Supplied entries:
»»

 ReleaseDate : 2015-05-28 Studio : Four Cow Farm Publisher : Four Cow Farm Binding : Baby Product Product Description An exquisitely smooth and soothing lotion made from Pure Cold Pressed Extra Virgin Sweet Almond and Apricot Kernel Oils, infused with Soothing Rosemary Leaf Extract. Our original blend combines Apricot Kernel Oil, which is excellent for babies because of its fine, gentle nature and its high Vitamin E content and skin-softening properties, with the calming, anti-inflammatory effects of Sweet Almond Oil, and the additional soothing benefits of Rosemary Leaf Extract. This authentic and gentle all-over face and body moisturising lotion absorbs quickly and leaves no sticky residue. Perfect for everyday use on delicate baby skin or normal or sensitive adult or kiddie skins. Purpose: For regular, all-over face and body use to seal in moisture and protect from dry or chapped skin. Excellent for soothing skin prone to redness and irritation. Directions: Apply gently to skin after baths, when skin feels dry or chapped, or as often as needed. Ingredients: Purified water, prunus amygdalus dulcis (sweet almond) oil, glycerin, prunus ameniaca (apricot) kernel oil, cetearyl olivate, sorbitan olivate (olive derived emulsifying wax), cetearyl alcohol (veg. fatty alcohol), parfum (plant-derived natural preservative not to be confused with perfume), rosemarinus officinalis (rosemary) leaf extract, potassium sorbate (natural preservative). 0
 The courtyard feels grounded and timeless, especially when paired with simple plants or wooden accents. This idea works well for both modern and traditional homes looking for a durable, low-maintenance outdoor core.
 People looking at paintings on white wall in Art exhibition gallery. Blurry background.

««
»»

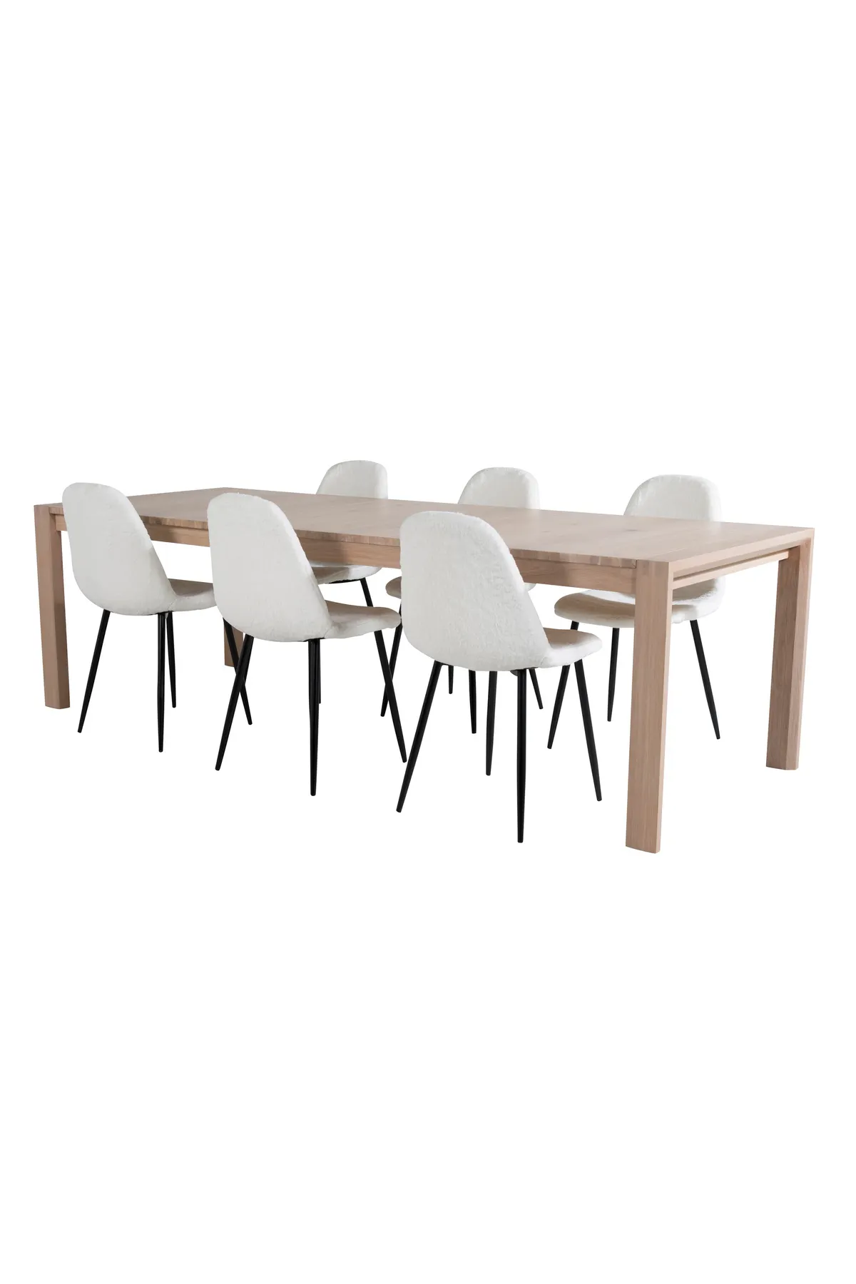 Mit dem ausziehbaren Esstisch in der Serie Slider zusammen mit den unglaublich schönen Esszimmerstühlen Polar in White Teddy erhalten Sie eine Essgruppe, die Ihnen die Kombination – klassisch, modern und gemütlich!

««

Instructions for the task: What lines above contain the word "looking"? Return each such line.

Written solution:
 The courtyard feels grounded and timeless, especially when paired with simple plants or wooden accents. This idea works well for both modern and traditional homes looking for a durable, low-maintenance outdoor core.
 People looking at paintings on white wall in Art exhibition gallery. Blurry background.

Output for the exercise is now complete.